(Records from a collection)
++++

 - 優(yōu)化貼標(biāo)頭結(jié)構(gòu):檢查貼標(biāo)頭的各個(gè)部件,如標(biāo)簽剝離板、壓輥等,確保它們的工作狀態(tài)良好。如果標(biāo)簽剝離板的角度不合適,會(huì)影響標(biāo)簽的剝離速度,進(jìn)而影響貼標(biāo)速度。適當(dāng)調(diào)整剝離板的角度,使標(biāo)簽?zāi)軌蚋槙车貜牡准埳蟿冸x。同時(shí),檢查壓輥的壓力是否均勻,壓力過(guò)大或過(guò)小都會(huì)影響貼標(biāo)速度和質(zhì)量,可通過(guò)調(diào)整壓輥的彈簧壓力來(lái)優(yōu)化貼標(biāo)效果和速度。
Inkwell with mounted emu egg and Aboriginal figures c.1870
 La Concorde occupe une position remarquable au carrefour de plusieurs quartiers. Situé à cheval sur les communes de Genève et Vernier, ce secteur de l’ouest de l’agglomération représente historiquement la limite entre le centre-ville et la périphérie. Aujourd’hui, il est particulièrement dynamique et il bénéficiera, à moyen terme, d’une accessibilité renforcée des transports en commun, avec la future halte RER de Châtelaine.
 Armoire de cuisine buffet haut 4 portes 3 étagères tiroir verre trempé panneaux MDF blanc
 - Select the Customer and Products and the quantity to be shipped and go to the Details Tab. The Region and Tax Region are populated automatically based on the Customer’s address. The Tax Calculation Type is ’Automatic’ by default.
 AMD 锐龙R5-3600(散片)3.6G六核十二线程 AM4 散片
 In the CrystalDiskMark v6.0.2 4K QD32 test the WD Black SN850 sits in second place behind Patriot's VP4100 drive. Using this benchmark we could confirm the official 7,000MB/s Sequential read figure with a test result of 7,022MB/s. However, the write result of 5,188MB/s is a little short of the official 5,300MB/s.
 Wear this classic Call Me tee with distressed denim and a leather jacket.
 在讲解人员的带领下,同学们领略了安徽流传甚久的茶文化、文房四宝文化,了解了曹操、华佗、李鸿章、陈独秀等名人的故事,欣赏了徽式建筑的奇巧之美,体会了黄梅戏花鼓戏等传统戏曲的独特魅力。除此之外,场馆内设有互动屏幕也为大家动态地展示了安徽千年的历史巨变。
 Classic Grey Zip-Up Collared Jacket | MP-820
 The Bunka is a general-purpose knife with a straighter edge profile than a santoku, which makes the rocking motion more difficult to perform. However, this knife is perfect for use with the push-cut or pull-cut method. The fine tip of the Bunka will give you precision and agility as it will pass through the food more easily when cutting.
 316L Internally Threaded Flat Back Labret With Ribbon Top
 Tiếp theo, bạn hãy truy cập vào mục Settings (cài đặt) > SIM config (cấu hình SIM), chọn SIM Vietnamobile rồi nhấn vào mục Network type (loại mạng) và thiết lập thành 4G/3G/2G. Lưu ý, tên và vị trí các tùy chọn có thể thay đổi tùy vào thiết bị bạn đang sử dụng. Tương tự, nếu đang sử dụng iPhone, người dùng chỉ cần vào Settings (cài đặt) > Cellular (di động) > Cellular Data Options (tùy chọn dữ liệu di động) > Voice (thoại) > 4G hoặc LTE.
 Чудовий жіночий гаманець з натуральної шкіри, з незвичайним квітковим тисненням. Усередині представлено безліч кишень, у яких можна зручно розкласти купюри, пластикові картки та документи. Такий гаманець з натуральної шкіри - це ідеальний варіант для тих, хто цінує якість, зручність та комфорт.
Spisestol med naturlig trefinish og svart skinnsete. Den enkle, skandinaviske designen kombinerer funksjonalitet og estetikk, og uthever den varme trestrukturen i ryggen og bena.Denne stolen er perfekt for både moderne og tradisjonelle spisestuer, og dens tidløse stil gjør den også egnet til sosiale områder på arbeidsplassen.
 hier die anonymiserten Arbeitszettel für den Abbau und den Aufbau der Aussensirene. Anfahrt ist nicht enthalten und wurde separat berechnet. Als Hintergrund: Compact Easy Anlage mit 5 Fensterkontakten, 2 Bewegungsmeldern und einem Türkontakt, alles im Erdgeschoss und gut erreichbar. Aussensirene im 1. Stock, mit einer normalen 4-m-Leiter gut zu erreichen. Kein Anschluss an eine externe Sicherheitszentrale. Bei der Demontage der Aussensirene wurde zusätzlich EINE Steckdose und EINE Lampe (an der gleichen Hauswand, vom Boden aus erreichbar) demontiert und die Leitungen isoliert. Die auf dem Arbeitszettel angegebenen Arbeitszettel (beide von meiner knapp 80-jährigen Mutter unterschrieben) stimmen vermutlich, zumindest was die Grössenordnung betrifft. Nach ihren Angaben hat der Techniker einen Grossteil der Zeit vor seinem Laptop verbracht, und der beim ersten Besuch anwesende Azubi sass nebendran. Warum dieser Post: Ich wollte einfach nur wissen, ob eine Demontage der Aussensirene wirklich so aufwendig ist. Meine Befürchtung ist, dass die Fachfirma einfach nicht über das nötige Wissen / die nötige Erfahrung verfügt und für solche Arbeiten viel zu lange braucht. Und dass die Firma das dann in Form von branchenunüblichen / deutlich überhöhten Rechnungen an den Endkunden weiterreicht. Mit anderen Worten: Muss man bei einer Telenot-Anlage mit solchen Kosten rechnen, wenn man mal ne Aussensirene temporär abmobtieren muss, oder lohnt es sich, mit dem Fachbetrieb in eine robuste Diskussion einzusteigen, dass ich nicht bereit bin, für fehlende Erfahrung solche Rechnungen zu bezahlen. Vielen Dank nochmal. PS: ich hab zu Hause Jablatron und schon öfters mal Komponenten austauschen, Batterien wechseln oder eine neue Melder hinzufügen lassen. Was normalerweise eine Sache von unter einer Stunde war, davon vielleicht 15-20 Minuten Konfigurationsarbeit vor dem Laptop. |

++++

■ YOUR OBJECTIVE
Using the entries above, repeat only the lines from the one containing "在讲解人员的带领下,同学们领" through the one containing "316L Internally Threaded", end lines included.

■ EXERCISE SOLUTION
 在讲解人员的带领下,同学们领略了安徽流传甚久的茶文化、文房四宝文化,了解了曹操、华佗、李鸿章、陈独秀等名人的故事,欣赏了徽式建筑的奇巧之美,体会了黄梅戏花鼓戏等传统戏曲的独特魅力。除此之外,场馆内设有互动屏幕也为大家动态地展示了安徽千年的历史巨变。
 Classic Grey Zip-Up Collared Jacket | MP-820
 The Bunka is a general-purpose knife with a straighter edge profile than a santoku, which makes the rocking motion more difficult to perform. However, this knife is perfect for use with the push-cut or pull-cut method. The fine tip of the Bunka will give you precision and agility as it will pass through the food more easily when cutting.
 316L Internally Threaded Flat Back Labret With Ribbon Top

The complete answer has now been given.